**Required work:** Retype each line of the data below exactly, beginning with the first and ending with the one that contains "商品名称:☆胜为 SHENGWEI TEC-2100". Pictures do not belong in the copy.

**Data for this task:**
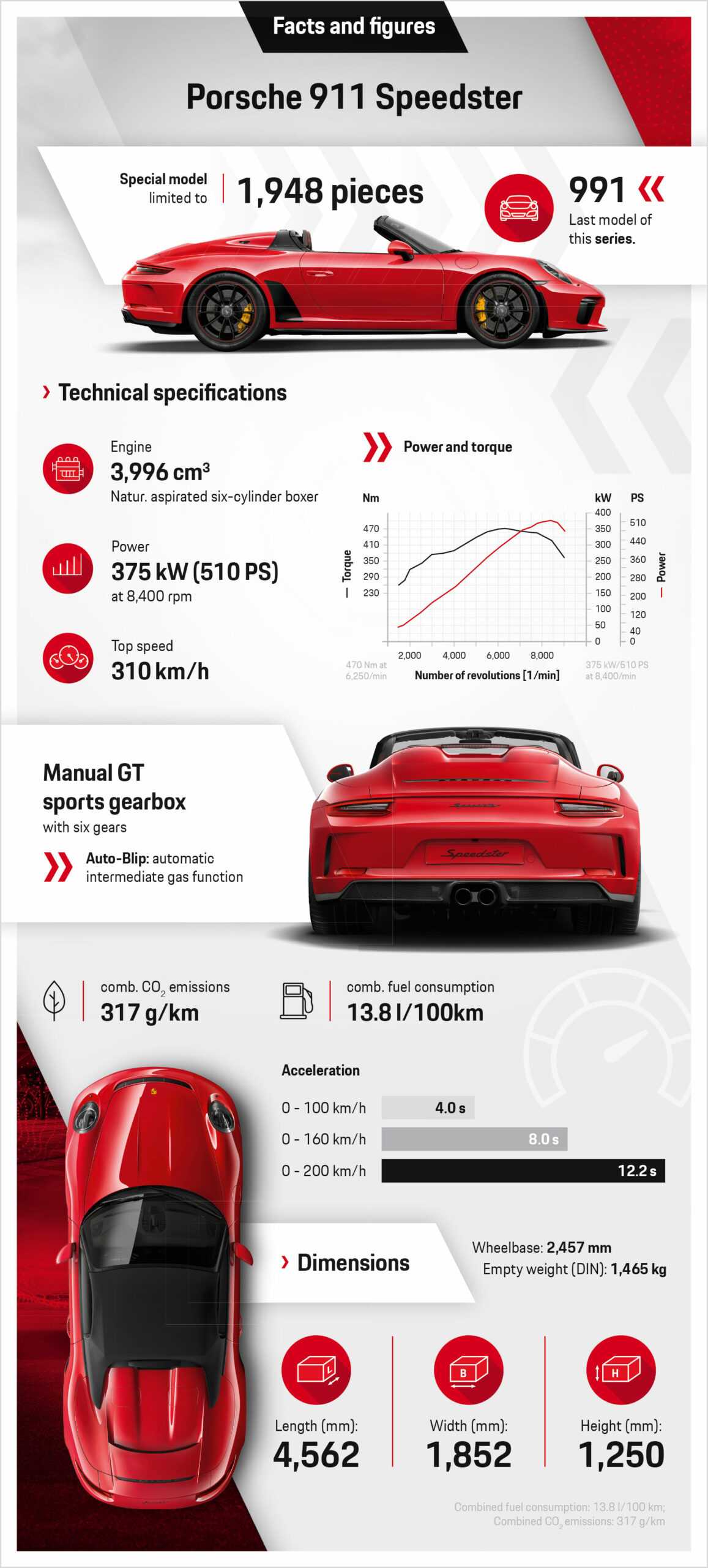 В основе долгой, изобилующей поворотами истории Speedster лежит один важный факт: двигатель у всех моделей располагался низко в задней части. Новый 911 Speedster оснащается оппозитным атмосферным двигателем с большим рабочим объемом – 4 литра. Он отличается высокооборотной концепцией, позволяющей ему раскручиваться до 9000 об/мин. Максимальный крутящий момент достигает 470 Нм. А мощность – впечатляющих 375 кВт (510 л.с.).
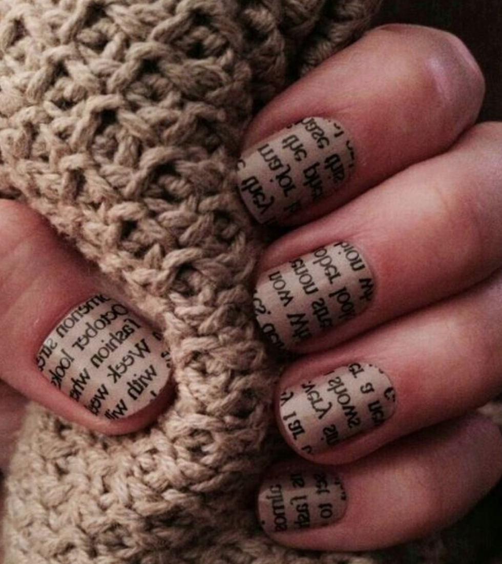 Are you a book lover? This style is for you! Paint your nails a light color like grey, pink, or white. Soak one finger at a time in rubbing alcohol for about 5 seconds and then apply the newspaper to the nail so the ink can transfer. Cover with a top coat to make sure the ink has set.
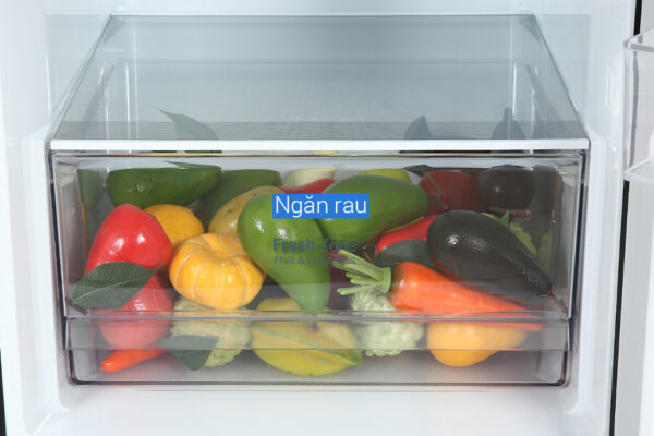 Ngăn rau quả được thiết kế khép kín, kết hợp lưới mắt cáo, hơi ẩm thoát ra từ thực phẩm được ngưng tụ lại trên lưới giúp cân bằng độ ẩm và tối ưu hoá mức nhiệt độ, giữ rau quả luôn tươi ngon.
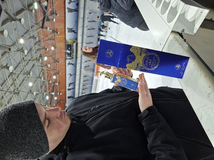 An indoor ice skating rink, likely the Winter Palace of Sports in Sofia, Bulgaria, serves as the setting for this image
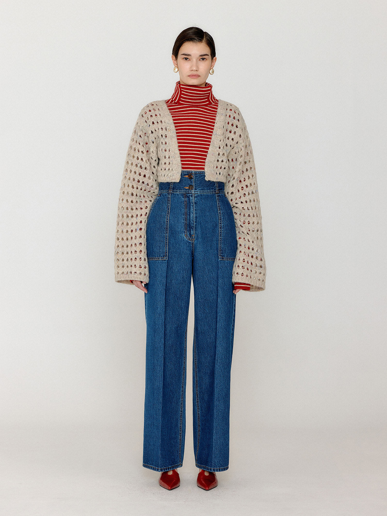 모델이 착용한 제품은 촬영용 샘플이며 S 사이즈 기준으로 제작되었으나 실제 제품과는 기장 및 상세 사이즈 차이가 있습니다. 정확한 사이즈는 상세페이지에 안내된 실측 사이즈를 참고해 주시기 바랍니다.
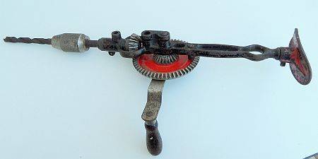 MILLER FALLS 2 SPEED BREAST PLATE HAND DRILL NO 118 CA 1940S MADE GREENFIELD,MASS.USA WORKING
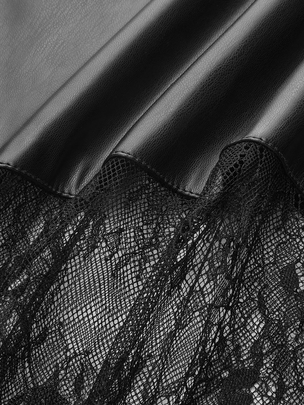 Lace Panel Faux Leather Asymmetrical Cami Dress
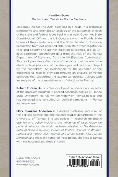 This book offers a comprehensive description and analysis of the conduct and outcome of the Florida elections in 2014; the race for Governor, for state constitutional offices, for the US Congress and for the Florida State Legislature. It compares these elections to their predecessors.
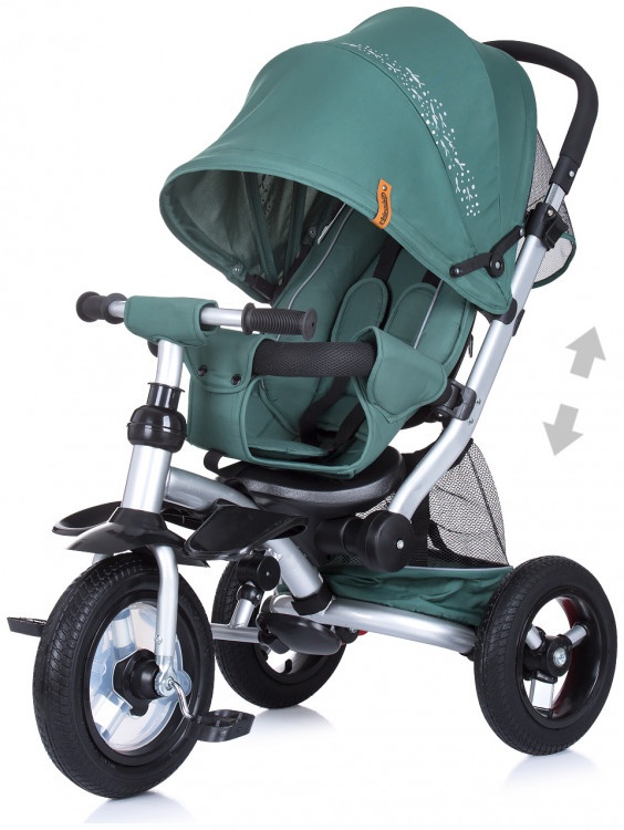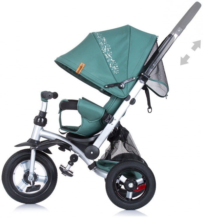 Copertina, mânerul parental și protecția barei de protecție sunt detașabile, astfel încât tricicla se transformă într-o triciclă pentru un copil mai mare; - Scaunul este echipat cu o bara de protecție; - Maner parental reglabil pe inaltime; - Poziția multi-înclinată a spătarului, inclusiv complet plat; - suport pentru picioare pliabil și mobil; - Suport picioare fata;
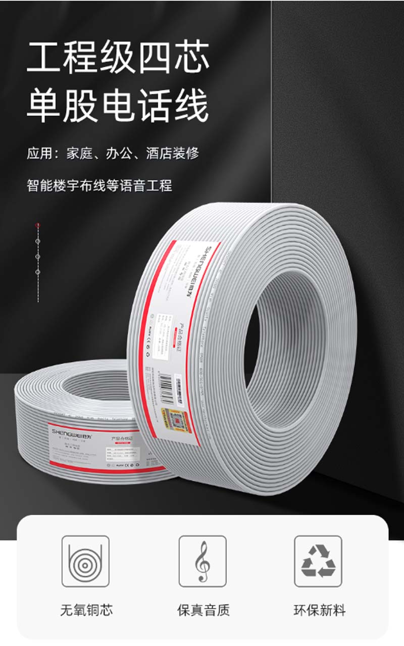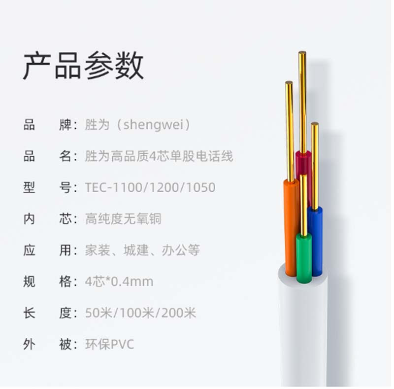 商品名称:☆胜为 SHENGWEI TEC-2100 电话线4芯单股无氧铜线芯 0.4MM 100米
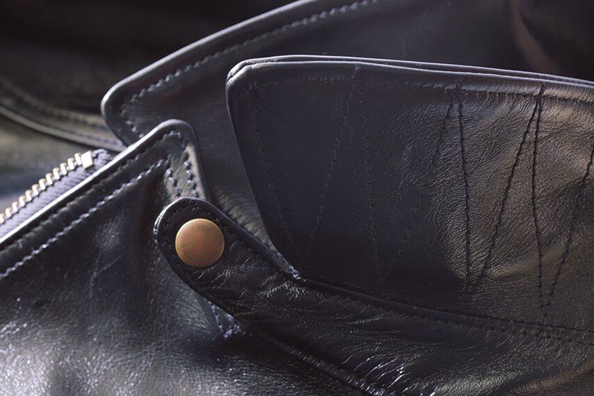 ヴィンテージモーターサイクルジャケットをベースにデザインを再構築した逸品。きめ細かく、艶やかで滑らかな上質なホースハイドをマテリアルに使用した新作レザージャケットは、どこかクラシカルな佇まいがレザーファンを魅了する。オフセットされたフロントファスナーにフロントのフラップ付きポケット、さらに背面に見られる独特なカッティングがこのモデルの大きな特徴だ。187,000円
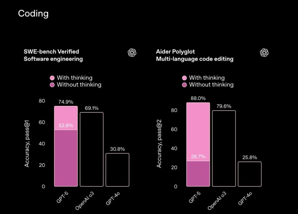 In the programming field, which OpenAI emphasized this time, GPT-5 has shown a noticeable improvement in the thinking mode compared to its predecessor.
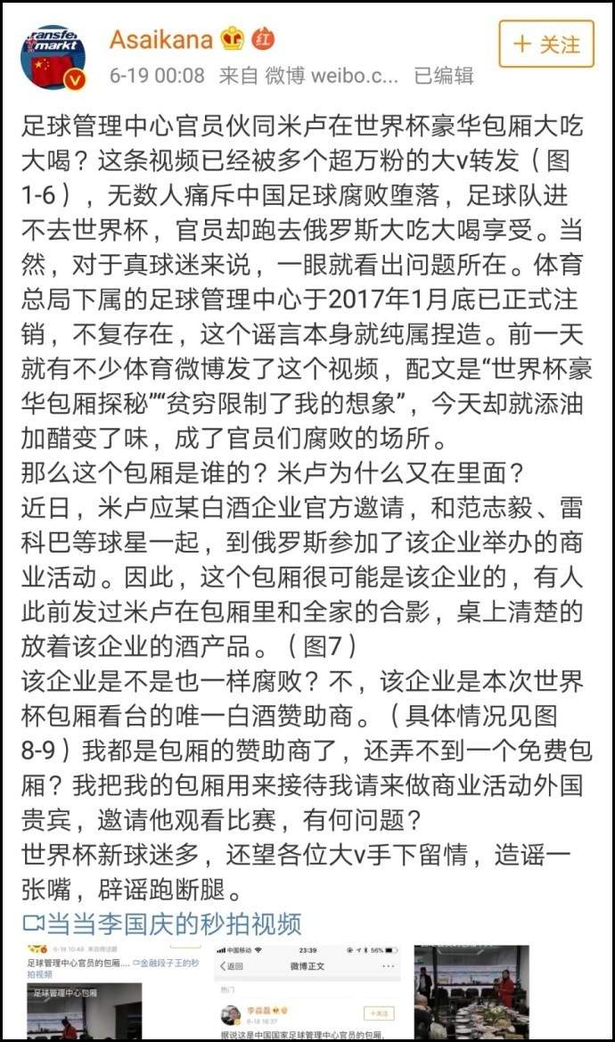 然而,就是這段短短9秒鐘的視頻卻是引發了極大的爭議。許多營銷號在轉發該視頻時都配文:“踢不進世界盃,但是豪華包廂大吃大喝還是沒有哪個國家能比的了!”
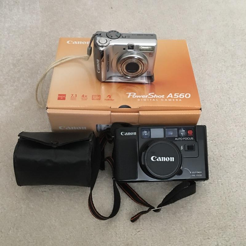Pair of Canon cameras includes a Power Shot A560 digital camera and a Canon AF35M film camera and two lenses by Nalcom. Capture your memories with this nice pair of cameras. Both camera's appear to work.
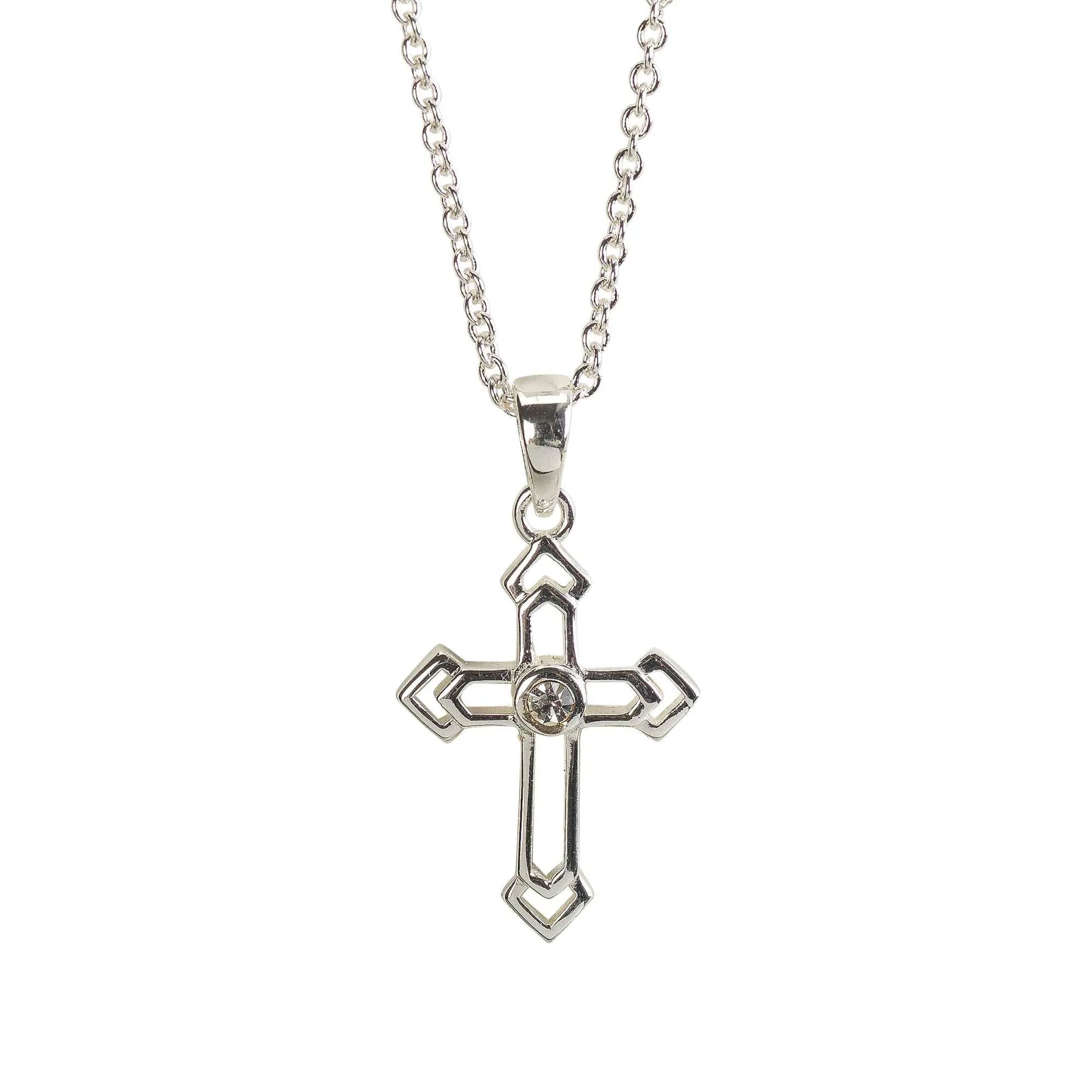 Silver Pl Open Bud Cross Necklace
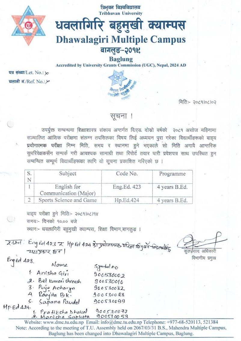 शिक्षाशास्त्र संकाय अन्तर्गत वि.एड. दोस्रो वर्षको २०८१ असोज महिनामा सञ्चालित आंशिक परिक्षार्थीको बाह्य प्रयोगात्मक परीक्षा सम्बन्धी सूचना ।।।

**Exercise result:**
 В основе долгой, изобилующей поворотами истории Speedster лежит один важный факт: двигатель у всех моделей располагался низко в задней части. Новый 911 Speedster оснащается оппозитным атмосферным двигателем с большим рабочим объемом – 4 литра. Он отличается высокооборотной концепцией, позволяющей ему раскручиваться до 9000 об/мин. Максимальный крутящий момент достигает 470 Нм. А мощность – впечатляющих 375 кВт (510 л.с.).
 Are you a book lover? This style is for you! Paint your nails a light color like grey, pink, or white. Soak one finger at a time in rubbing alcohol for about 5 seconds and then apply the newspaper to the nail so the ink can transfer. Cover with a top coat to make sure the ink has set.
 Ngăn rau quả được thiết kế khép kín, kết hợp lưới mắt cáo, hơi ẩm thoát ra từ thực phẩm được ngưng tụ lại trên lưới giúp cân bằng độ ẩm và tối ưu hoá mức nhiệt độ, giữ rau quả luôn tươi ngon.
 An indoor ice skating rink, likely the Winter Palace of Sports in Sofia, Bulgaria, serves as the setting for this image
 모델이 착용한 제품은 촬영용 샘플이며 S 사이즈 기준으로 제작되었으나 실제 제품과는 기장 및 상세 사이즈 차이가 있습니다. 정확한 사이즈는 상세페이지에 안내된 실측 사이즈를 참고해 주시기 바랍니다.
 MILLER FALLS 2 SPEED BREAST PLATE HAND DRILL NO 118 CA 1940S MADE GREENFIELD,MASS.USA WORKING
 Lace Panel Faux Leather Asymmetrical Cami Dress
 This book offers a comprehensive description and analysis of the conduct and outcome of the Florida elections in 2014; the race for Governor, for state constitutional offices, for the US Congress and for the Florida State Legislature. It compares these elections to their predecessors.
 Copertina, mânerul parental și protecția barei de protecție sunt detașabile, astfel încât tricicla se transformă într-o triciclă pentru un copil mai mare; - Scaunul este echipat cu o bara de protecție; - Maner parental reglabil pe inaltime; - Poziția multi-înclinată a spătarului, inclusiv complet plat; - suport pentru picioare pliabil și mobil; - Suport picioare fata;
 商品名称:☆胜为 SHENGWEI TEC-2100 电话线4芯单股无氧铜线芯 0.4MM 100米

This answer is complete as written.